Work order:
So that the copy stays text only, transcribe the data below exactly and exclude the images.

Collected material:
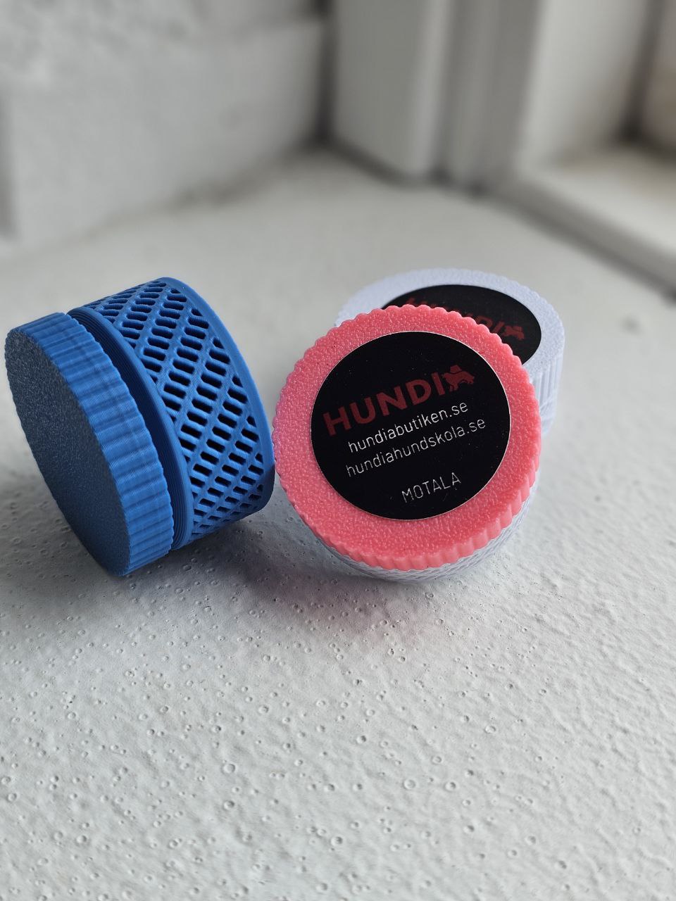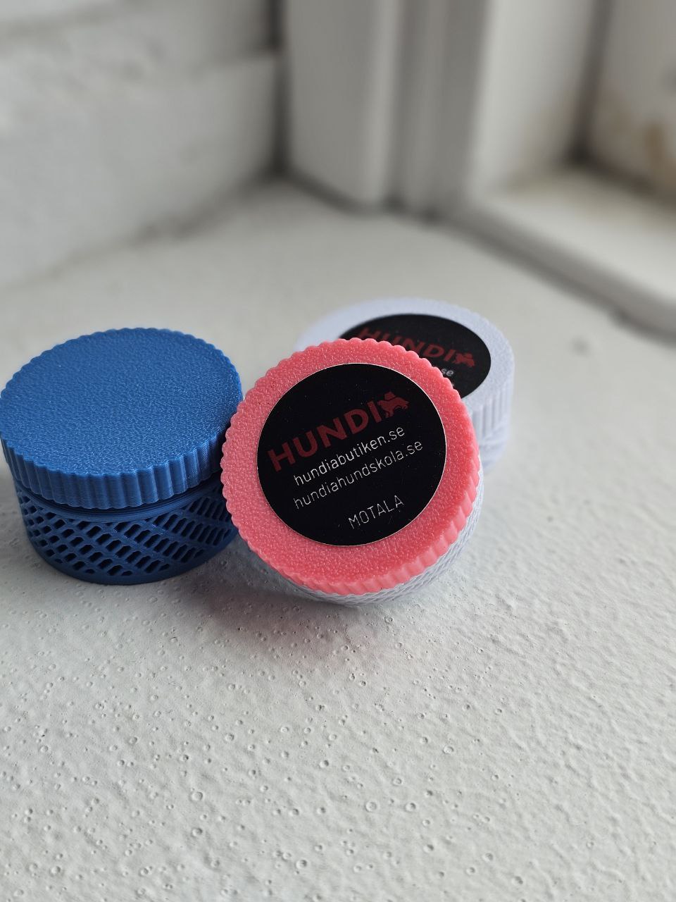 Gömma i PET material med ”nät” på sidorna. Perfekt om du ska lägga den mellan saker då den släpper ut luft på sidorna och du inte riskerar att lägga något över hål så doften stängs inne. Mycket bra som markgömma också.
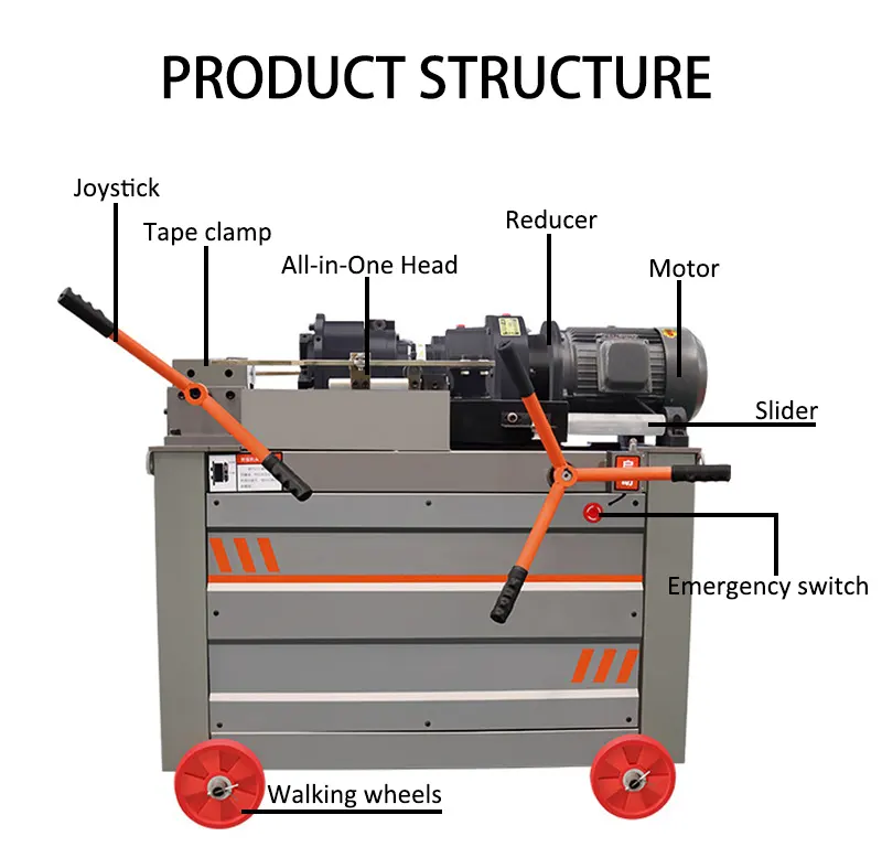 Ta wysokiej jakości maszyna do walcowania gwintu o 15 kW integruje funkcje usuwania żebra i przewracania nici. Dla łatwości i prędkości można ustawić wiele kąty. Ma podwójną osi konstrukcję torów biegowych, zapewniając stabilne paszę i działanie bez wysiłku. Maszyna jest wyposażona w kółki chodzące, ułatwiając ruch i oszczędzając wysiłek. Ponadto ogólna struktura jest kompaktowa, operacja jest płynna i ma zalety o wysokiej wydajności przetwarzania, dobrej jakości nici i niskiego zużycia energii.
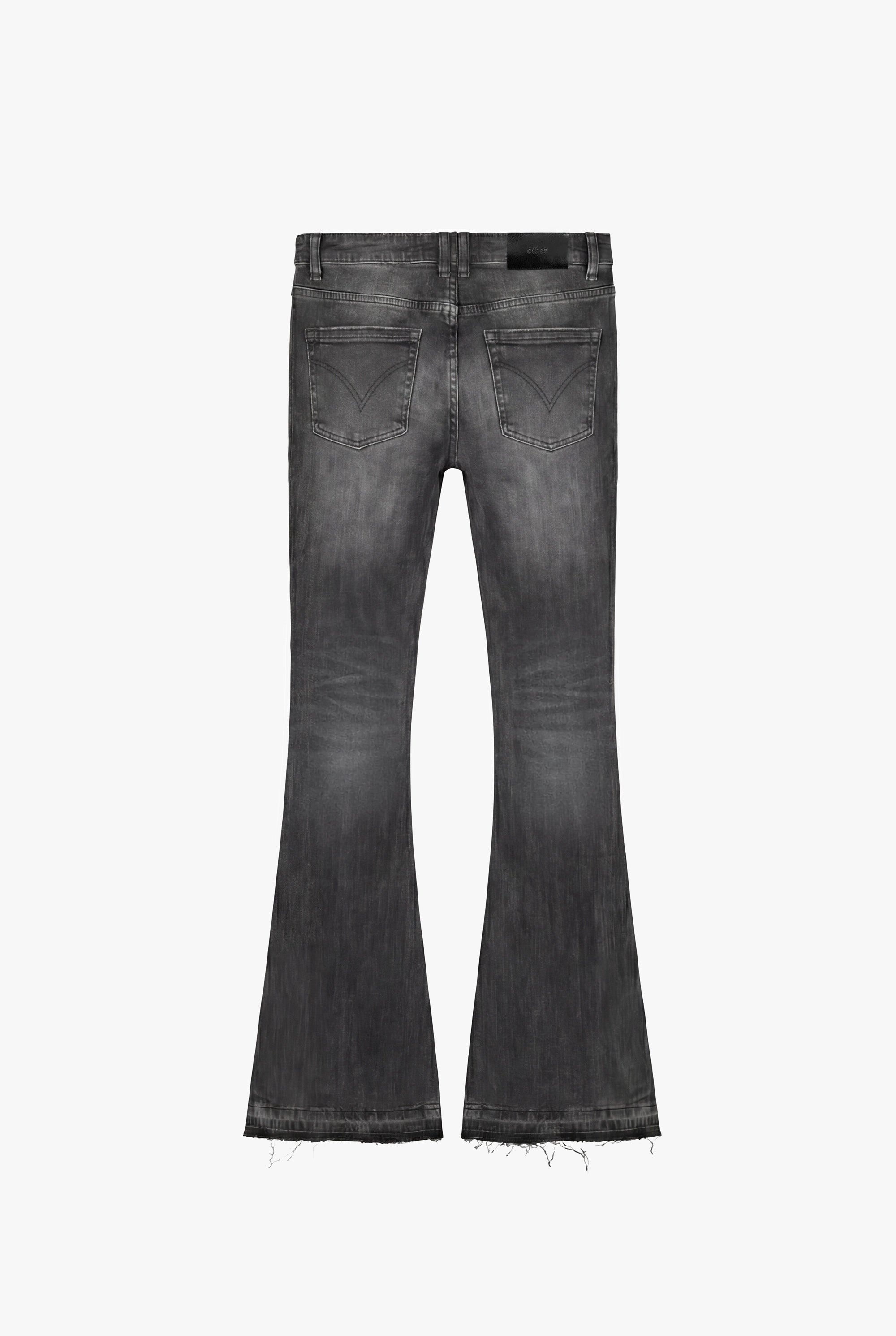 Slim fit flared jeans cut close through the hip and thigh, opening into a controlled 32cm Raw Edge ankle flare. Designed to create a long, sharp silhouette.

Answer to the problem:
 Gömma i PET material med ”nät” på sidorna. Perfekt om du ska lägga den mellan saker då den släpper ut luft på sidorna och du inte riskerar att lägga något över hål så doften stängs inne. Mycket bra som markgömma också.
 Ta wysokiej jakości maszyna do walcowania gwintu o 15 kW integruje funkcje usuwania żebra i przewracania nici. Dla łatwości i prędkości można ustawić wiele kąty. Ma podwójną osi konstrukcję torów biegowych, zapewniając stabilne paszę i działanie bez wysiłku. Maszyna jest wyposażona w kółki chodzące, ułatwiając ruch i oszczędzając wysiłek. Ponadto ogólna struktura jest kompaktowa, operacja jest płynna i ma zalety o wysokiej wydajności przetwarzania, dobrej jakości nici i niskiego zużycia energii.
 Slim fit flared jeans cut close through the hip and thigh, opening into a controlled 32cm Raw Edge ankle flare. Designed to create a long, sharp silhouette.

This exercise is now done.